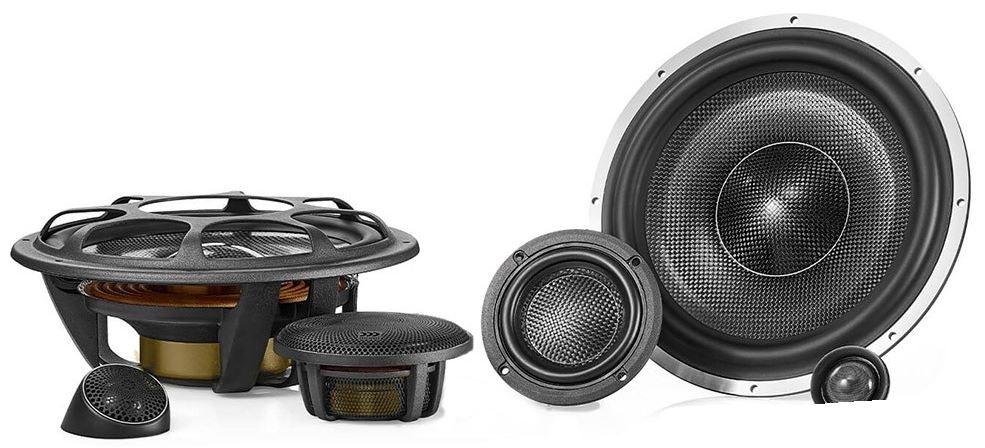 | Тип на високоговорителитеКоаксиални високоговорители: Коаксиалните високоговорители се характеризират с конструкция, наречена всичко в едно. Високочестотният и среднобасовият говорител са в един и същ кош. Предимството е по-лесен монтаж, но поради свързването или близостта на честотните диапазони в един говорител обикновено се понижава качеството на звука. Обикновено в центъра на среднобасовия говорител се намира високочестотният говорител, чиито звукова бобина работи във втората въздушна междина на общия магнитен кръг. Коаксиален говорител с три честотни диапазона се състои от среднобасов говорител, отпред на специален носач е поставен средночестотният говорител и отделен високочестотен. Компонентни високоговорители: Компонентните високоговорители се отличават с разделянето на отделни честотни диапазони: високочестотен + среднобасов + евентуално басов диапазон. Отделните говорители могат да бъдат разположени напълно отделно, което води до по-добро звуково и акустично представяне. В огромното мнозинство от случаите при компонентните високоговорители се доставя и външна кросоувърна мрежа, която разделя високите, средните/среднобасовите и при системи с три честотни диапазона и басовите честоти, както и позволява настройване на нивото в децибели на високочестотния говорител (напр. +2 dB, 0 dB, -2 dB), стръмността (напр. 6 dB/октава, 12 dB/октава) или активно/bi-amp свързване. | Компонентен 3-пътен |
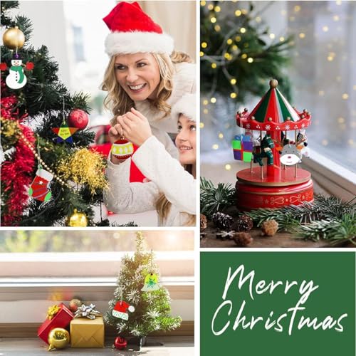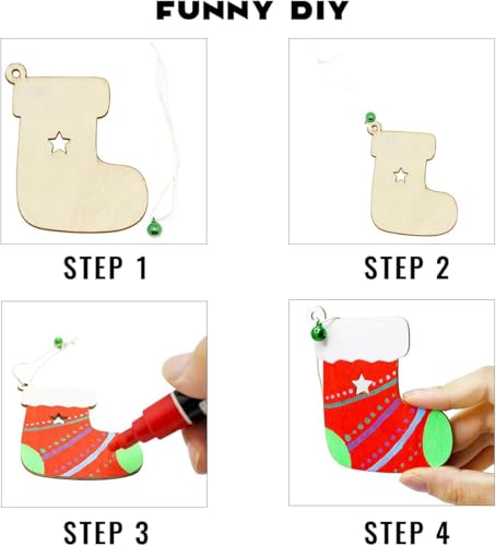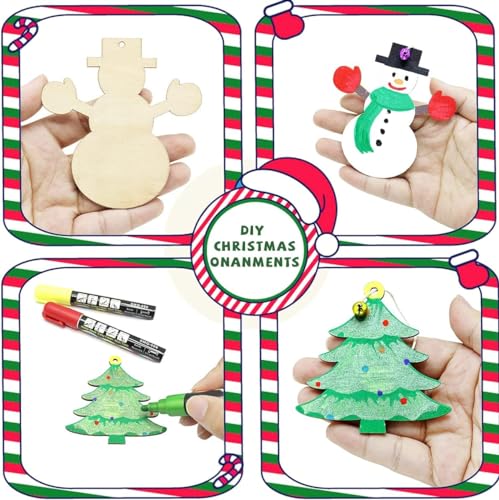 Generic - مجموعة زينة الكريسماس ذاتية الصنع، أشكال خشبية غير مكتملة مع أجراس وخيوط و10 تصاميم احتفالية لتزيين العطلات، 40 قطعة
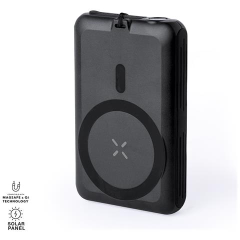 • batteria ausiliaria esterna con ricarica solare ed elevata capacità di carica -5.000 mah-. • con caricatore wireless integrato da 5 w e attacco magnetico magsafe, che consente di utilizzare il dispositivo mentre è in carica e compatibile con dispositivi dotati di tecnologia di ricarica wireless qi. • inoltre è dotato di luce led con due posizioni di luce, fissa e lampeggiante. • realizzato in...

···

## To do:
Word for word, reproduce all the data, but not the pictures.

## Result for this exercise:
 | Тип на високоговорителитеКоаксиални високоговорители: Коаксиалните високоговорители се характеризират с конструкция, наречена всичко в едно. Високочестотният и среднобасовият говорител са в един и същ кош. Предимството е по-лесен монтаж, но поради свързването или близостта на честотните диапазони в един говорител обикновено се понижава качеството на звука. Обикновено в центъра на среднобасовия говорител се намира високочестотният говорител, чиито звукова бобина работи във втората въздушна междина на общия магнитен кръг. Коаксиален говорител с три честотни диапазона се състои от среднобасов говорител, отпред на специален носач е поставен средночестотният говорител и отделен високочестотен. Компонентни високоговорители: Компонентните високоговорители се отличават с разделянето на отделни честотни диапазони: високочестотен + среднобасов + евентуално басов диапазон. Отделните говорители могат да бъдат разположени напълно отделно, което води до по-добро звуково и акустично представяне. В огромното мнозинство от случаите при компонентните високоговорители се доставя и външна кросоувърна мрежа, която разделя високите, средните/среднобасовите и при системи с три честотни диапазона и басовите честоти, както и позволява настройване на нивото в децибели на високочестотния говорител (напр. +2 dB, 0 dB, -2 dB), стръмността (напр. 6 dB/октава, 12 dB/октава) или активно/bi-amp свързване. | Компонентен 3-пътен |
 Generic - مجموعة زينة الكريسماس ذاتية الصنع، أشكال خشبية غير مكتملة مع أجراس وخيوط و10 تصاميم احتفالية لتزيين العطلات، 40 قطعة
 • batteria ausiliaria esterna con ricarica solare ed elevata capacità di carica -5.000 mah-. • con caricatore wireless integrato da 5 w e attacco magnetico magsafe, che consente di utilizzare il dispositivo mentre è in carica e compatibile con dispositivi dotati di tecnologia di ricarica wireless qi. • inoltre è dotato di luce led con due posizioni di luce, fissa e lampeggiante. • realizzato in...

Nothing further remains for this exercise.